* _What is required_
Keeping every word the same, give again only the lines from the one with "Story goes there" through the end of the data, both included, and leave every picture out.

* _Data extracts_

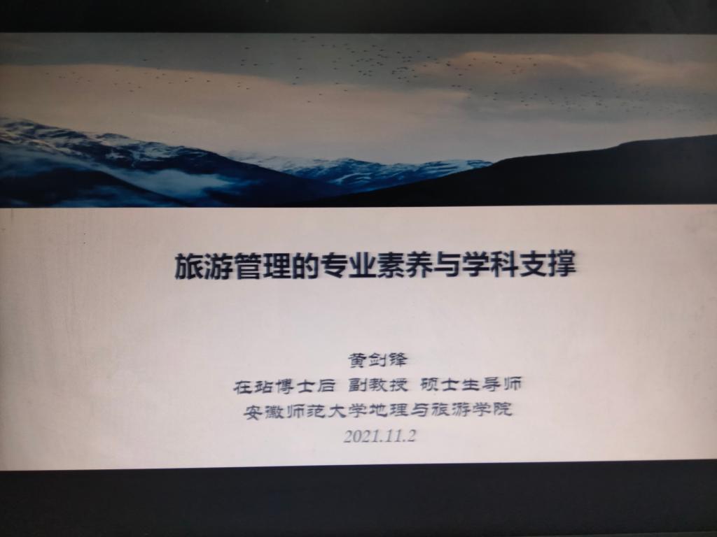 本网讯(565net必赢客户端 韦银艳 李炳臻)2021年11月2日下午,在地旅实验楼101报告厅,旅游管理专业教授王群、副教授黄剑锋为2021级旅游管理专业新生带来专业学习指导讲座。通过导师面对面传授个人大学学习经验和方式,帮助新生适应大学学习方式、提高学科素养、寻找学科支撑。讲座由王莉老师主持。
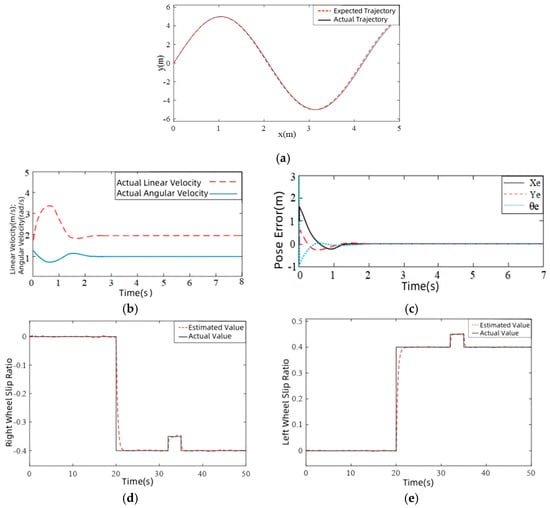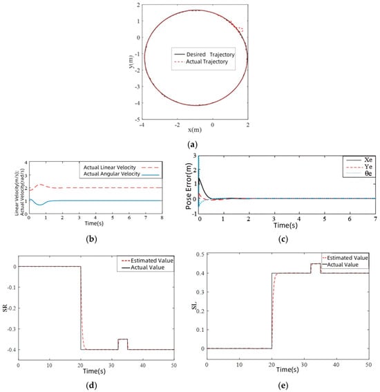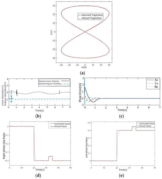 From Figure 4 and Table 1, it can be observed that the robot’s pose errors , , and converge to 0 within 0.66 s, 0.51 s, and 0.76 s, respectively. This means that the robot fully tracks the desired circular trajectory after 0.76 s. The robot’s linear velocity and angular velocity converge to the desired values within 1.37 s and 1.24 s, respectively. And after only one oscillation, the steady state is reached, which indicates that the whole tracking process runs smoothly and is hardly affected by the slip rate. As shown in Figure 4d,e, the sliding mode observer can accurately predict the slip ratio, which is the foundation for good trajectory tracking performance.
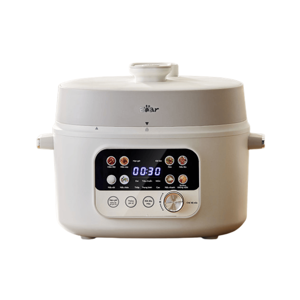 Nồi áp suất điện Bear 4L SB-AS40W tự động điều chỉnh áp suất theo từng giai đoạn nấu, giúp món ăn chín mềm tan nhưng vẫn giữ trọn dưỡng chất và hương vị tự nhiên.
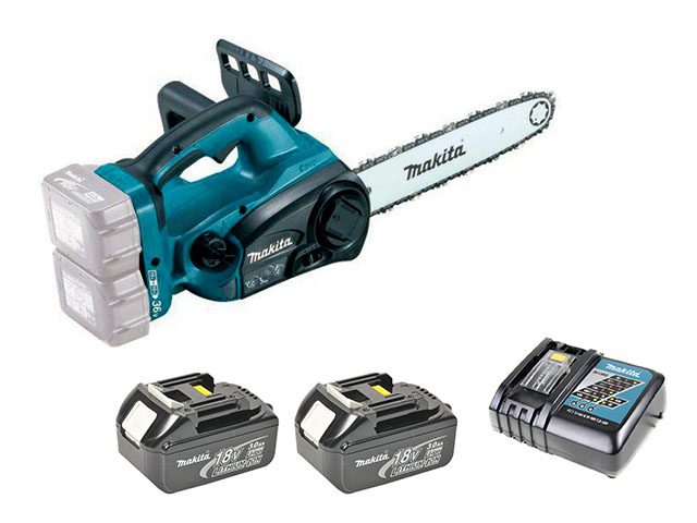 Аккум. пила цепная MAKITA DUC 302 Z шина 30 см (12"), 3/8, 1.1 мм + АКЦИЯ (2 аккумулятора, зарядное) (18+18 В, 2 акк.BL1830B, 3.0 А/ч, Li-Ion, зар. DC
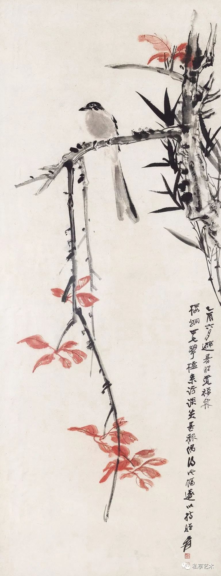 张大千 红叶小鸟
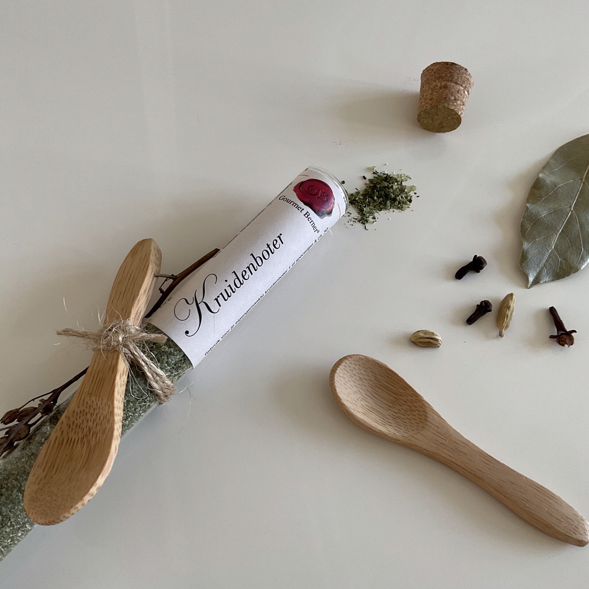 Heerlijke kruiden om zelf kruidenboter te maken. En heel leuk verpakt in een mooi glazenflesje met kurk dopje en een handig mooi houten lepeltje en takje zijn toegevoegd zodat het echt een cadeautje is om te geven.
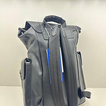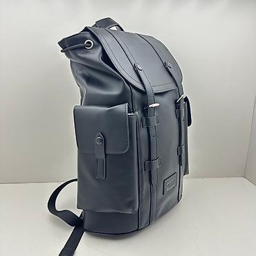 Черный рюкзак из гладкой кожи с клапаном на двух ремешках с пряжками. Модель оснащена основным отделением, закрывающимся на шнурок с люверсами, и двумя боковыми накладными карманами с клапанами на кнопках. Регулируемые плечевые ремни обеспечивают комфорт при ношении. Стильный и практичный аксессуар для повседневного использования.
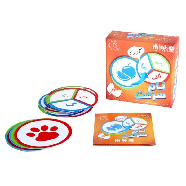 بازی آموزشی نام سرعت همان بازی آشنا و محبوب اسم فامیل است که به روشی بسیار ابتکاری و البته با سرعتی بالاتر انجام میشود. در این بازی 10 نوع دستهبندی وجود دارد، شامل: نام، میوه، حیوان، رنگ، شهر، کشور، اعضای بدن، اشیاء، غذا و ماشین. این دستهبندیها به سه رنگ متفاوت در پشت کارتها چاپ شدهاند و روی هر کارت 3 حرف الفبا به همان سه رنگ وجود دارد.
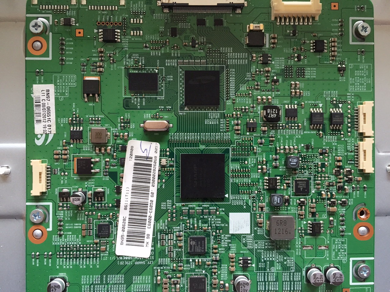 Story goes there was some lightning or brownout. Anyway, the PSU works fine. So I am down over the mainboard BN97- 06546A on the Samsung IC as it is getting hot. The same IC also does the LVDS. Haven't had the chance to run my oscilloscope on the LVDS yet to check if there is any signal coming out or not. The T-Con board is tucked away underneath more plastic. I can't access it through the service panel on the back. Bummer.
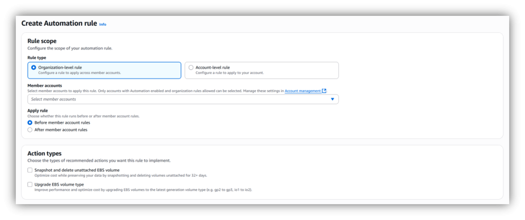 最初の自動化ルールは小規模に始めて、戦略的に規模を拡大してください。まずは非本番環境を対象にして、自動化プロセスへの確信を深めていきましょう。特定のアカウントを選択するか、「Environment: Development」や「Environment: Test」などのリソースタグに基づいてフィルタリングすることで、開発環境やテスト環境でアタッチされていない Amazon EBS ボリュームのクリーンアップに焦点を当てたルールを作成してください。

* _Response_
 Story goes there was some lightning or brownout. Anyway, the PSU works fine. So I am down over the mainboard BN97- 06546A on the Samsung IC as it is getting hot. The same IC also does the LVDS. Haven't had the chance to run my oscilloscope on the LVDS yet to check if there is any signal coming out or not. The T-Con board is tucked away underneath more plastic. I can't access it through the service panel on the back. Bummer.
 最初の自動化ルールは小規模に始めて、戦略的に規模を拡大してください。まずは非本番環境を対象にして、自動化プロセスへの確信を深めていきましょう。特定のアカウントを選択するか、「Environment: Development」や「Environment: Test」などのリソースタグに基づいてフィルタリングすることで、開発環境やテスト環境でアタッチされていない Amazon EBS ボリュームのクリーンアップに焦点を当てたルールを作成してください。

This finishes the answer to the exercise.